> _SUPPLIED DATA_

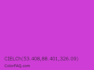 CIELCh 53.408,88.401,326.09 Color is a normal magenta color and the nearest color is Steel Pink #cc33cc. Hex code #ce3ed6 and RGB value is rgb(206,62,214). In RGB color space, this color is composed of 81% red, 24% green, 84% blue, In CMYK color space, this color is composed of 4% cyan, 71% magenta, 0% yellow , 16% black , In HSL color space, this color has a hue angle of 297° , 65% saturation and 54% lightness.
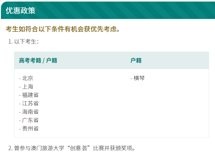 第7个,澳门旅游大学,只要是北京、上海、江苏、福建、广东、海南、贵州及横琴户籍,就能享受优惠!
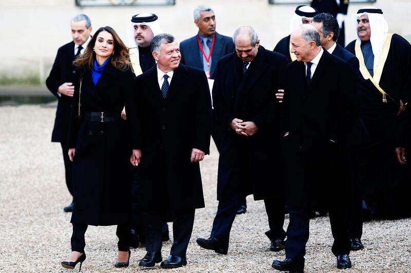 Queen Rania of Jordan, King Abdullah II of Jordan and Laurent Fabius, French Minister of Foreign Affairs and International Development leave the Elysee Palace to attend a Unity rally "Marche Republicaine" on Sunday.

> _WORK TO COMPLETE_
Quote exactly the lines from the one that contains "第7个,澳门旅游大学,只要是" through the end of the listing above, both ends included, leaving out the pictures.

> _SOLVED EXERCISE_
 第7个,澳门旅游大学,只要是北京、上海、江苏、福建、广东、海南、贵州及横琴户籍,就能享受优惠!
 Queen Rania of Jordan, King Abdullah II of Jordan and Laurent Fabius, French Minister of Foreign Affairs and International Development leave the Elysee Palace to attend a Unity rally "Marche Republicaine" on Sunday.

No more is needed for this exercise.